For many, our reading of Cat Person was mediated by some enthusiastic or derisive tweeter, re-sharing The New Yorker link and either damning it for being anti-men or fat-phobic or dubbing it the most relatable thing they'd ever read. Our conclusions about exactly what Roupenian was about were being infiltrated by the literary Twitterati. This collection neatly and succinctly lets us know we were wrong about her.

With the publication of You Know You Want This, we are seeing the "real" Roupenian. In reading this compact collection, Cat Person recedes and starts to feel like second-hand info about an enigmatic newcomer to a party when the reality of Roupenian is far more intriguing.

The taunting title is a thrilling teaser that neatly ties each of these unnerving stories together. Roupenian primarily deals in those desires that go against our better judgement, the desires that when fulfilled often corrupt us more profoundly than when left frustrated.

There is an immediacy in these pages. Sometimes the first sentence appears to pick up just after the narrator has started the story. "Okay, so this is a while ago, back when I was living in Baltimore and I was really f**king lonely," begins the penultimate story Death Wish.

Most of the stories are startlingly realistic which lends the almost inevitable abasement, when it comes, an even more catastrophic feel. Familiar landscapes; a hen party, a child's birthday party, bad dates and the tedious office are rendered with faultless verisimilitude before often descending to nightmarish conclusions. In others like Scarred and The Mirror, the Bucket and the Old Thigh Bone, realism is dispensed with and these horrific fairytales about want and desire leave us with the bleakest view of the human condition.

Whether Roupenian is in the mode of realism or fantasy, the inner worlds of her narrators are always lifelike. She allows us to embody these characters wholly which is always an unsettling journey.

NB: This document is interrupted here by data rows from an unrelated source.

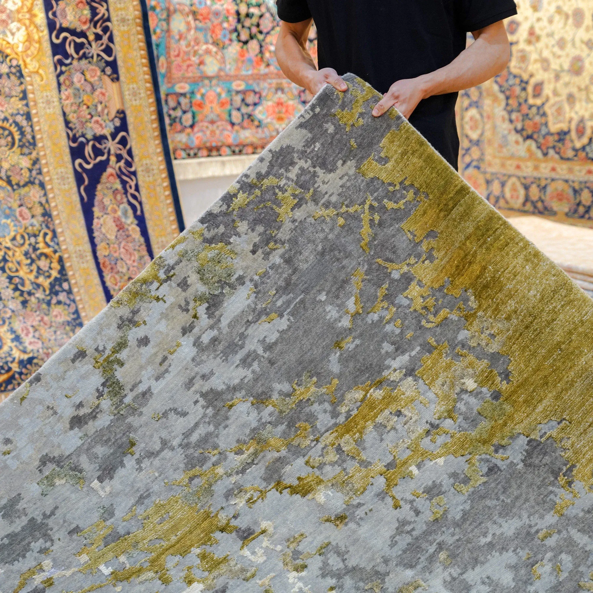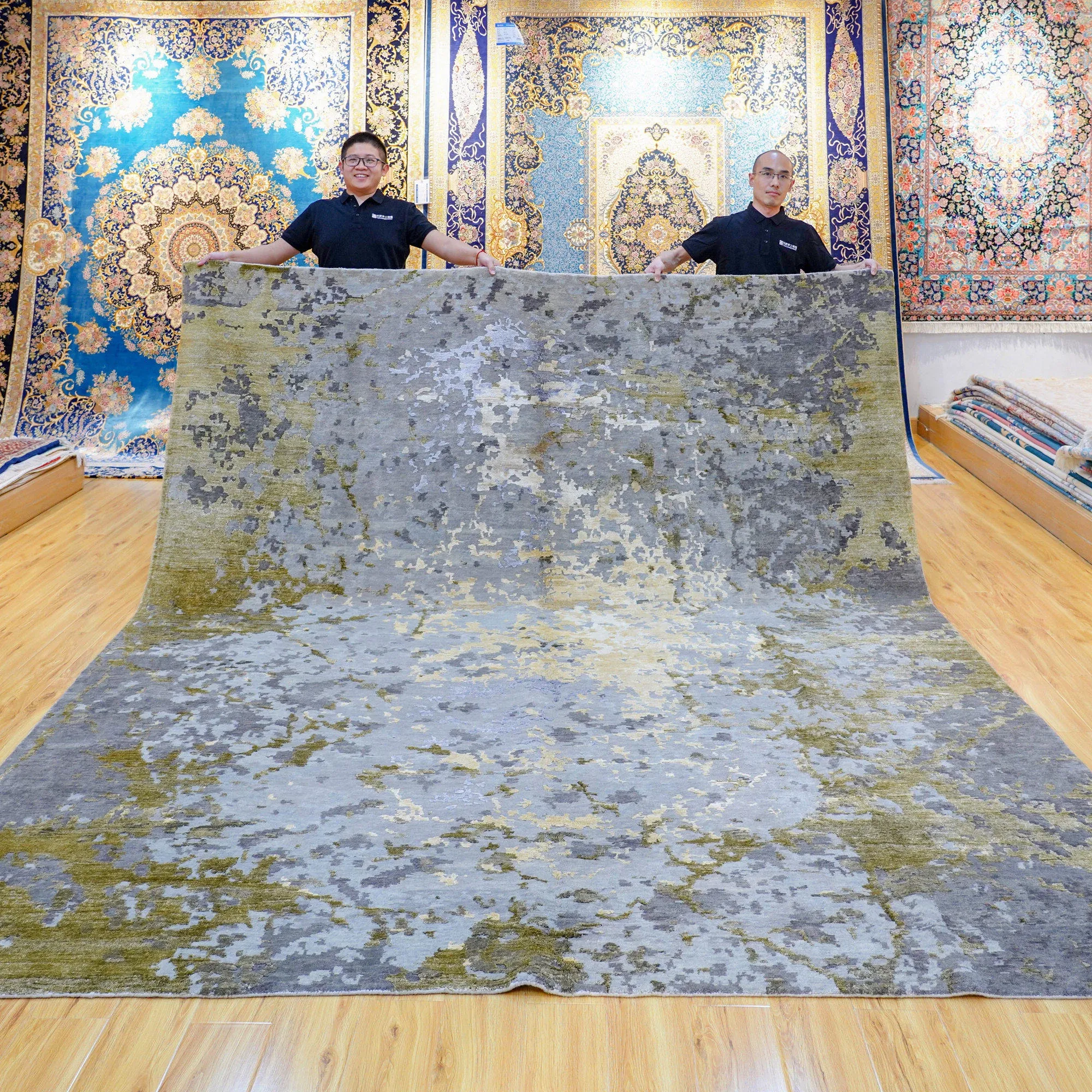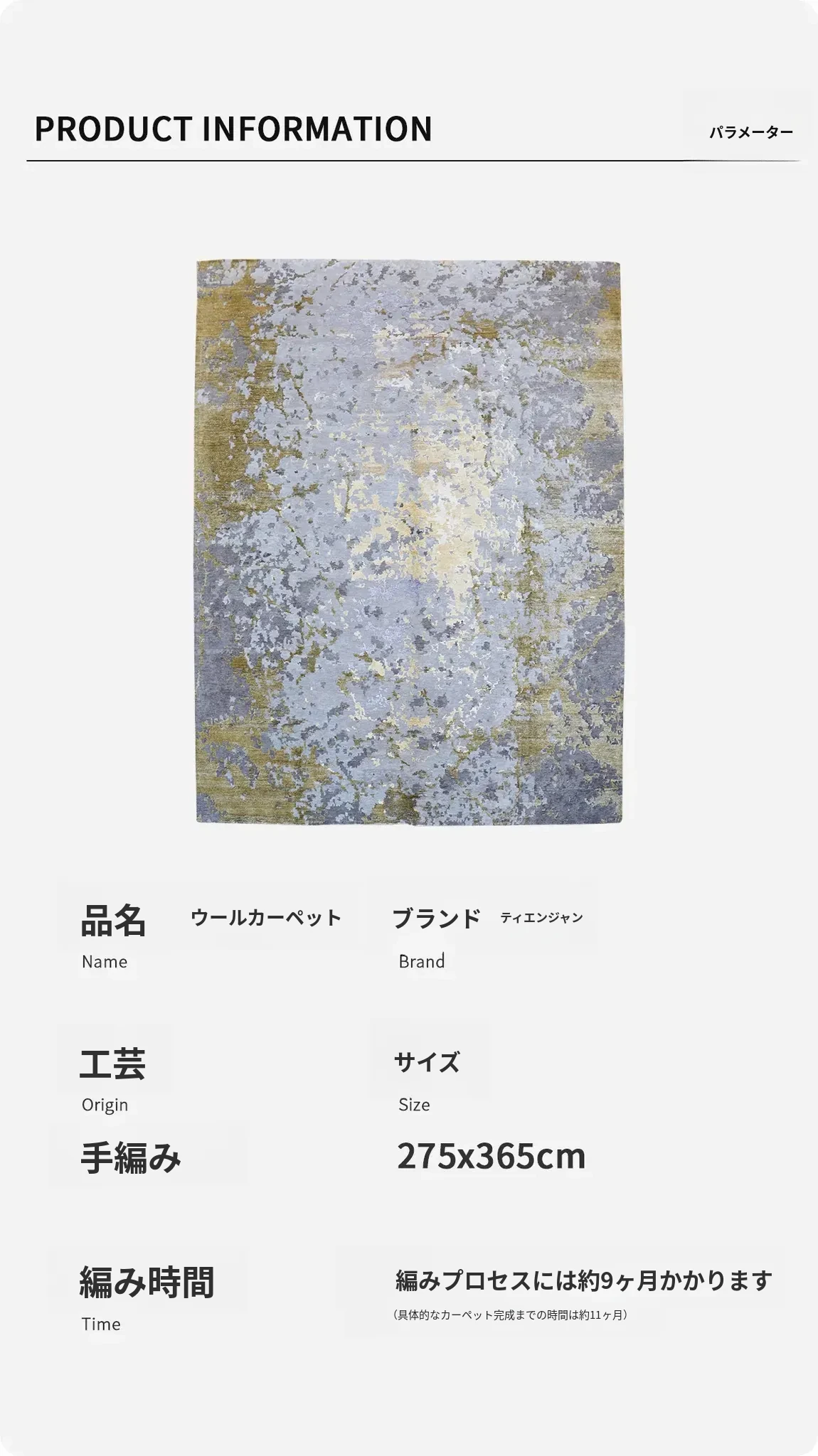 輸入手作ウールカーペット|リビング向け現代的ミニマルデザイン|軽やかでラグジュアリーな高級感|ソファやコーヒーテーブルに最適|サイズ275x365cm
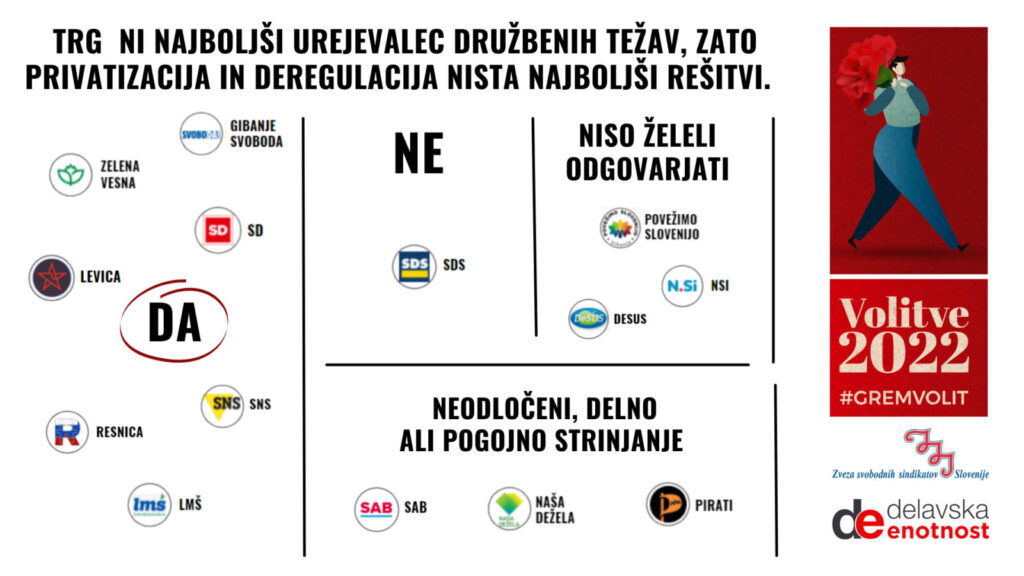 Trg ni najboljši urejevalec družbenih težav, zato privatizacija in deregulacija nista najboljši rešitvi. S to trditvijo smo želeli preveriti, katere stranke najbolj prisegajo na neoliberalne rešitve. Mednje lahko uvrstimo SDS, ki je odgovorila ne, in tudi neodločene stranke Našo deželo, SAB in Pirate.
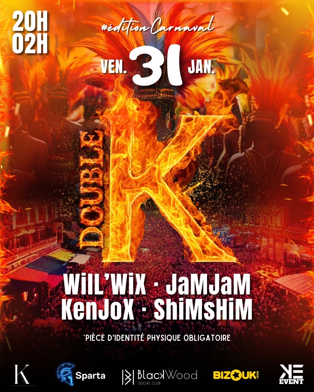 Vendredi 31 janvier, prépare-toi pour une soirée légendaire ! La Double K – Édition Carnival, c’est l’occasion de vibrer au rythme des meilleurs sons avec : Will’Wix, JaMJaM, KenJoX et ShiMsHiM aux platines pour te faire bouger non-stop. Costumes, couleurs et énergie : l’ambiance du carnaval t’attend pour une explosion de good vibes ! Pièce d’identité obligatoire. Invitation valable jusqu’à 22h Ne manque pas ce rendez-vous unique pour célébrer comme jamais !
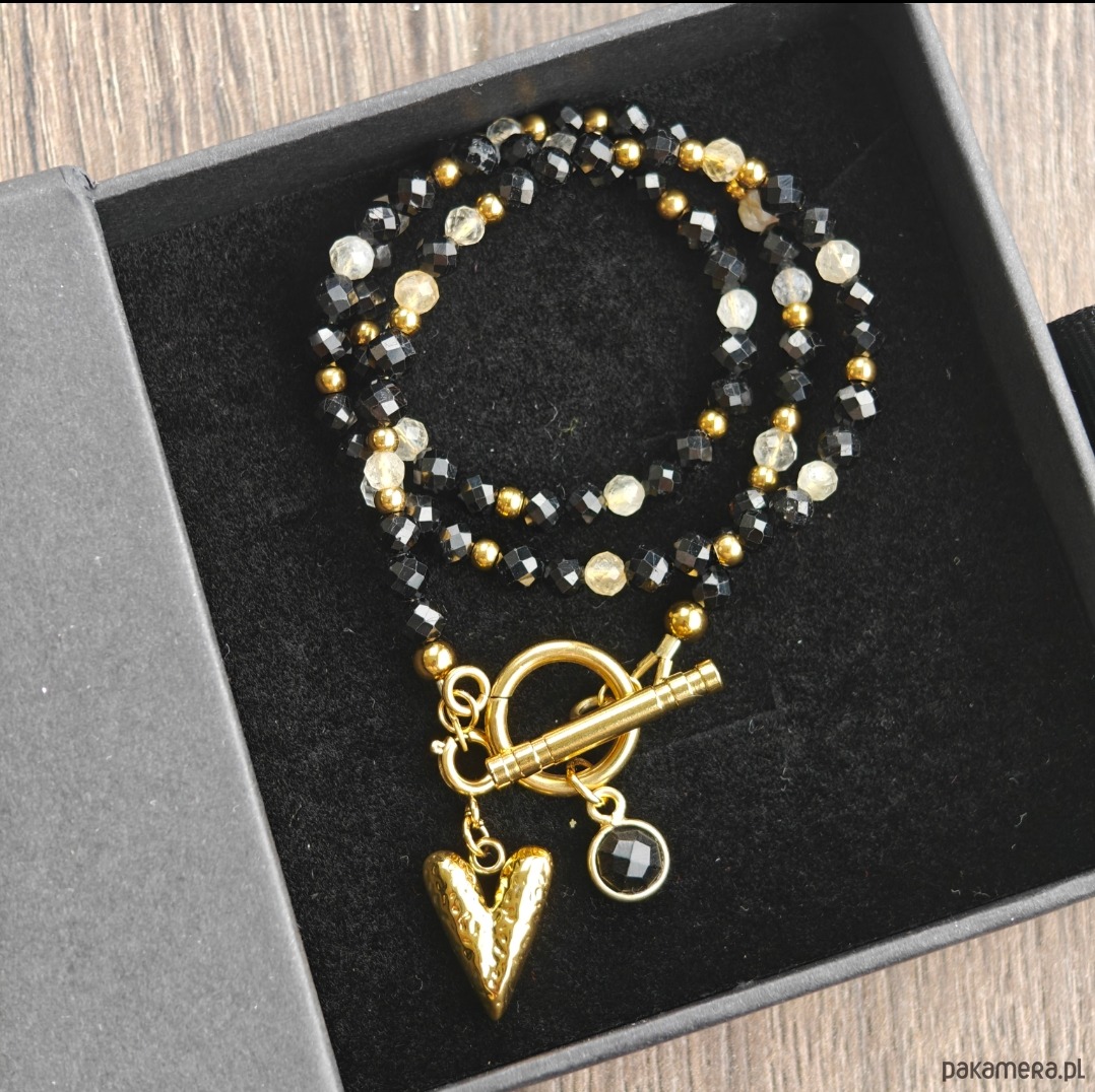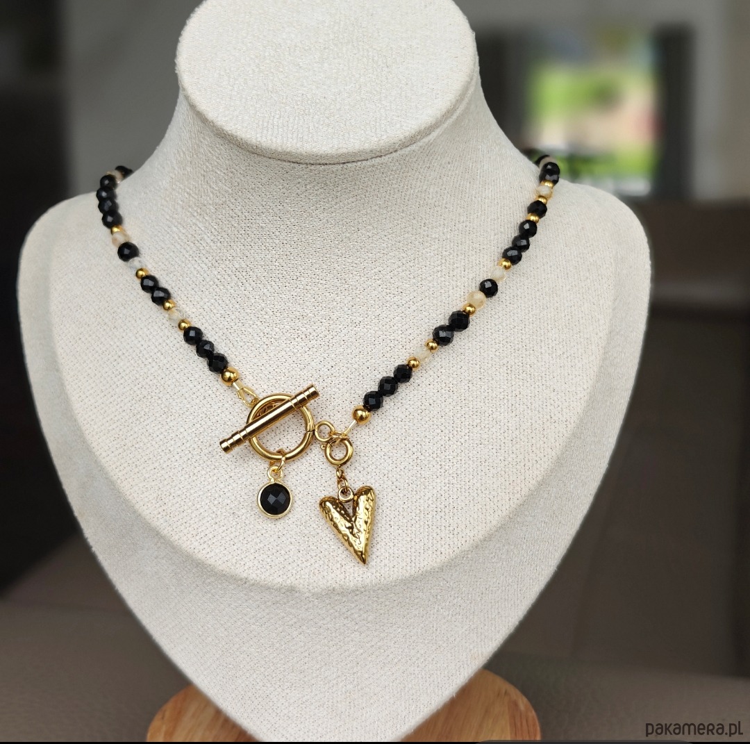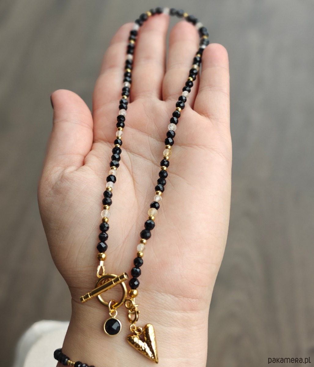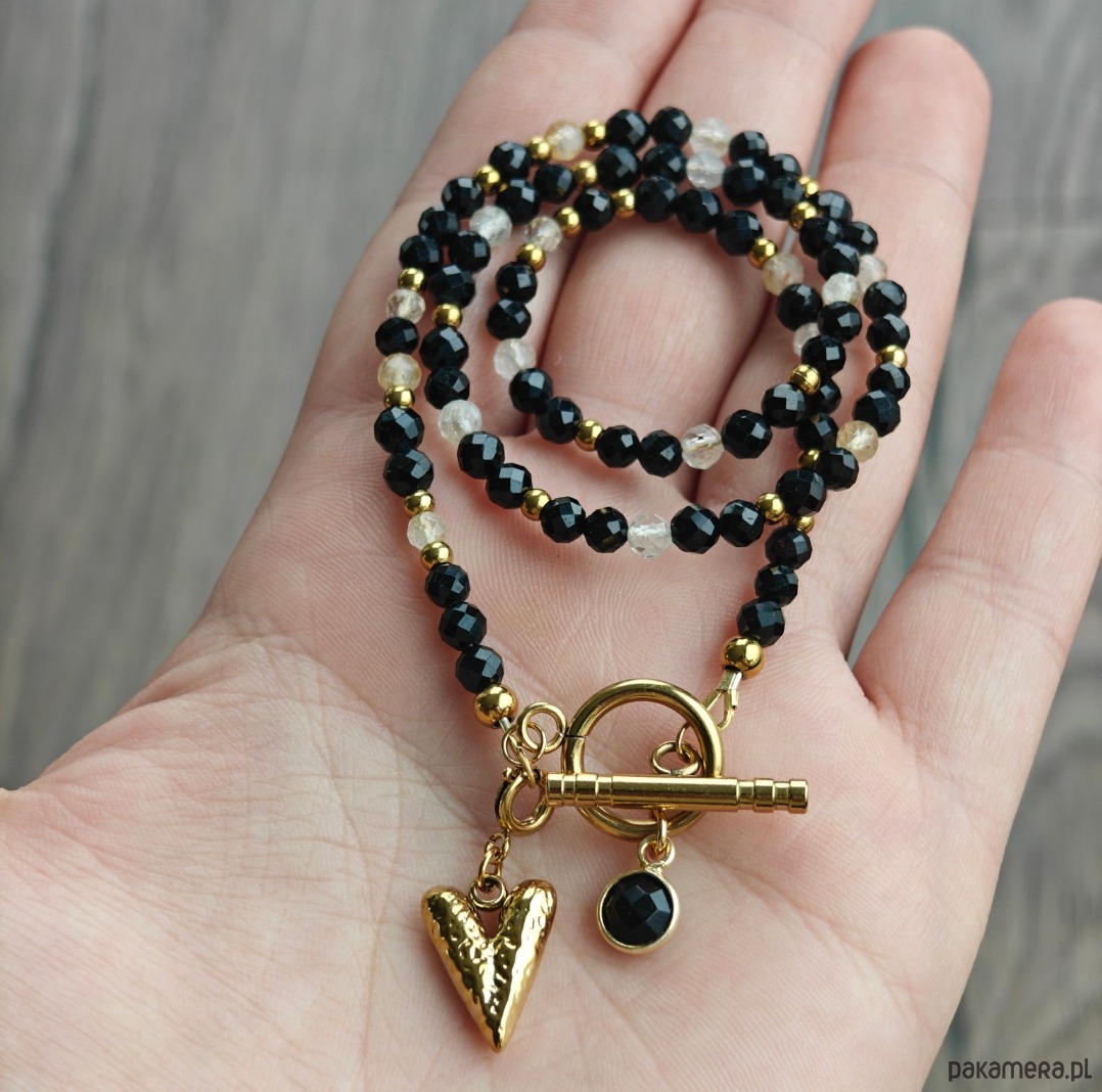 Naszyjnik wykonany z czarnego turmalinu i cytrynu, uzupełniony elementami ze stali chirurgicznej oraz drobnymi akcentami ze srebra pozłacanego. Jego długość to 39 cm w obwodzie, a z zapięciem i zawieszką – 41 cm. Całość dopełnia efektowna zawieszka w kształcie serca, którą można odpinać i modyfikować naszyjnik w zależności od okazji i stylizacji. Naszyjnik pakowany jest w eleganckie pudełko, dzięki czemu świetnie sprawdzi się również jako prezent. 🎁✨

In The Good Guy, Roupenian excavates what forms desire - in the case of our host Ted, it is the fantasy that helps him to climax: the image of his penis as a knife penetrating his partner. "He knew it wasn't great, this fantasy. Yes, the scene he was imagining was ostensibly consensual, but you couldn't ignore its underlying aggressive themes," was his hapless "nice guy" take on his own disturbed sexual nature. The implication that in this porn-centric age, the "good guys" are the ones refraining from acting on their misogynist fantasies is indescribably grim.

The images of mutilation, pain and shame arise again and again. Funny that while Roupenian was being cast as a literary Lena Dunham in the wake of Cat Person - "What?" quipped one Twitter-user, "The New Yorker is just publishing diary entries now?" - she was, in fact, assembling a collection that owes more to the body horror genre than any millennial angst.

This book calls to mind the suburban nightmares of AM Homes and the ultra violence of Chuck Palahniuk. However, Roupenian's violence is of a more nebulous and ultimately more frightful kind than any overt displays. What is unsaid in these stories leaves a deeper mark as in the opening story of a game of submission gone awry. The final scene of despair will leave you gasping but the words are spare, only chipping away at a morass of degradation, leaving us to fill in the sickening blanks.

"He did what we told him... soon the terrible girl's skin was parchment white... and she didn't move... Yet he kept going; as the room darkened and the light came in again and the air thickened with smells, we kept him there and he did what we told him to do."

The collection concludes with a playful gag of a story about a woman who craves biting people. Ultimately, a male co-worker unwittingly engineers her fantasy by assaulting her, thus allowing her the opportunity to bite and mutilate his face within the acceptable context of self defence. She goes on to "exploit" the scenario in every new workplace as, she finds, there's "one in every office". The biter has the last laugh, just as Roupenian herself, with her transgressive collection, gets the last laugh on an audience that dissected her and underestimated her.